DURAND, DAVID (1680–1763), French protestant minister and author, was born in 1680 at Sommières in the south of France, and studied for the ministry at Basle. Thence he went to Holland, and accompanied a corps of French refugees to Spain, where he was taken prisoner at the battle of Almanza 1707. He would have been burnt alive by some peasants but for the intervention of the Duke of Berwick. From Spain he was sent into France, and succeeded in escaping to Switzerland, ultimately finding his way back to Holland, where he became one of the pastors at Rotterdam, and gained the friendship of Bayle. He finally left Holland for London in 1711, and was successively pastor of the French churches in Martin's Lane and the Savoy. He became a member of the Royal Society in 1728, and died on 16 Jan. 1763.

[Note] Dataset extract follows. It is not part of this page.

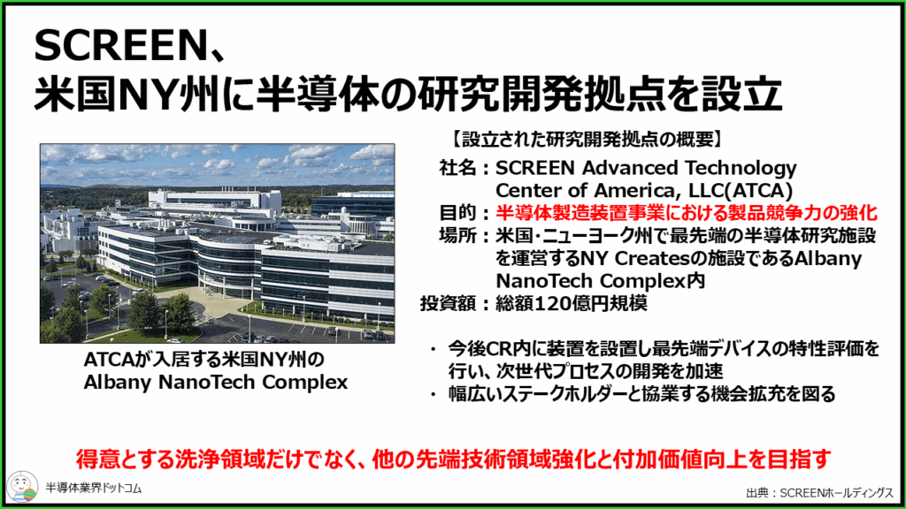 SCREENホールディングスは12/16、半導体製造装置事業における製品競争力の強化を目指して米国ニューヨーク州に研究開発拠点を設立したと発表しました。

Durand was a voluminous author and translator. Among his works, all in French, are a history of the sixteenth century (1725–9), a continuation of Rapin's ‘History of England’ (1734), a history of painting in antiquity (1725), and ‘Histoire naturelle de l'or et de l'argent, extraite de Pline le Naturaliste,’ London, 1729, which contains a lumbering imitation of ‘Paradise Lost’ in French verse.

[Barbier's Dict. des Ouvrages Anonymes et Pseudonymes, vol. iv.; a biographical notice by Samuel Beuzeville, prefixed to Durand's posthumous work, La Vie de J. J. Ostervald, London, 1778, a very rare book; Haag's La France Protestante and Agnew's Protestant Exiles; Gent. Mag. 1763, p. 46.]